France is making an effort to have its companies employ older workers. Here's why. The employment rate in France for people aged 55 to 64 years was only 38.9 percent in 2009; the European Union's target for this age group is 50 percent by the end of 2010. The employment rate for this age group in Sweden and Norway, meanwhile, is 70 percent.
Against a backdrop of an aging workforce and the fact that France has the highest life expectancy in Europe, France came up with the Decree of 20 May 2009. The legislation requires all companies employing more than 50 people to be covered by an industry-wide agreement promoting the employment of older workers.

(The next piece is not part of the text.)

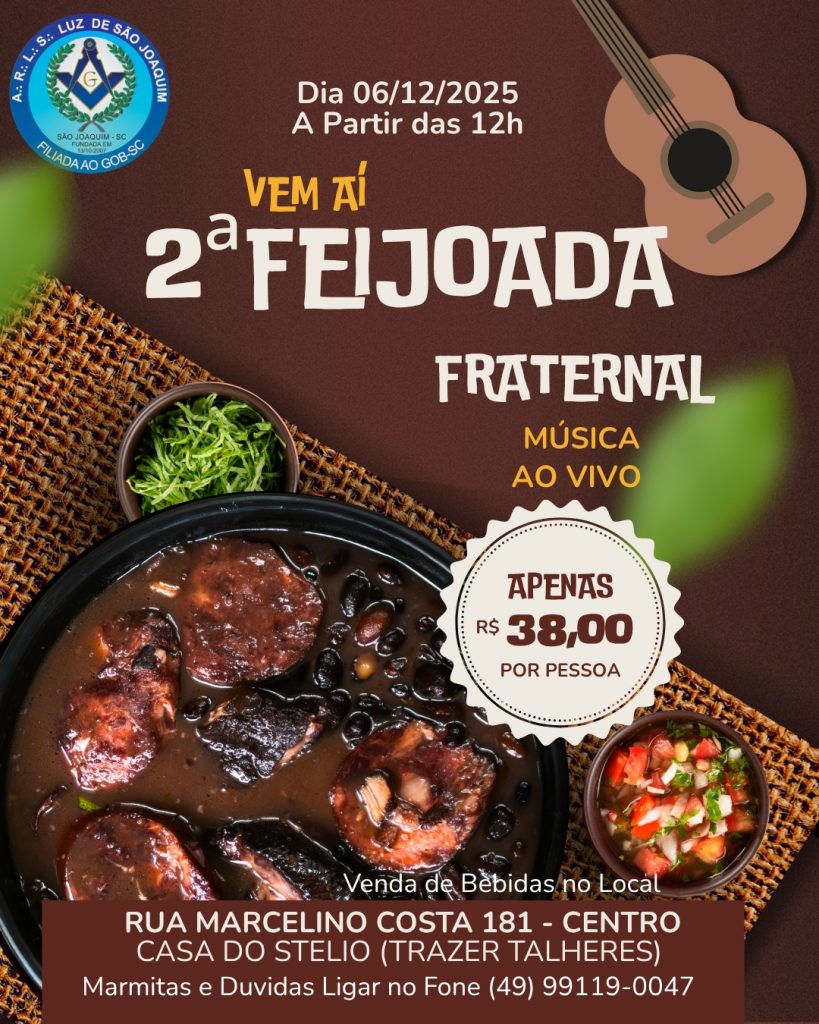 A Maçonaria Luz de São Joaquim promove, no próximo sábado, 6 de dezembro, a 2ª edição da Feijoada Fraternal. O evento começa a partir das 12h e será realizado na Rua Marcelino Costa, nº 181, no Centro — na casa do Stélio.

In the absence of an agreement, they must conclude their own collective agreement or, failing that, develop an action plan in favor of the employment of workers older than 50. The Decree also requires all companies with 300 or more employees to be covered by a collective agreement or, if such an agreement could not be reached, by an action plan presented by the employer.
Companies that don't comply with this regulation were already taxed for a special retirement contribution, amounting to one percent of the total costs of their payroll.

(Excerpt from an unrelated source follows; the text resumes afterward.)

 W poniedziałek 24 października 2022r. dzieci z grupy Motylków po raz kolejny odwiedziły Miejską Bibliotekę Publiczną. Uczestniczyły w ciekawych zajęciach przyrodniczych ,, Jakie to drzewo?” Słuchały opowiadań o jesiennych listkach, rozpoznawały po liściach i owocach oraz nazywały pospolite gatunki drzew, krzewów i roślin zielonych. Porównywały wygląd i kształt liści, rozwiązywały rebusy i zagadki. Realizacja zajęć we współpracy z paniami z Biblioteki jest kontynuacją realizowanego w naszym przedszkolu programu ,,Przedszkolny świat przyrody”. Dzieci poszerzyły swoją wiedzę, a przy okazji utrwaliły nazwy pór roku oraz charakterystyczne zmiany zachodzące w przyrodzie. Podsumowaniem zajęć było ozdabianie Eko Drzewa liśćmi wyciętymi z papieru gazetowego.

This legislation has had some positive effects. A recent study by the Swedish consulting firm Mercuri Urval, which polled a representative sample of firms, shows that 51 percent of companies have been working their way toward a corporate agreement on the employment of older workers and 42 percent have a definite action plan.
Further, the study's author notes that even if the majority of companies say they have not changed their outlook on employing older workers because of the decree, the legislation has forced many to implement these measures.
Numbers notwithstanding, companies with operations in France, or looking to expand there, should do their research. Having a compliance expert in France will help you deal with any teething issues around this legislation. Your research, combined with an expert's opinions, should help you stay current with any changes in the law.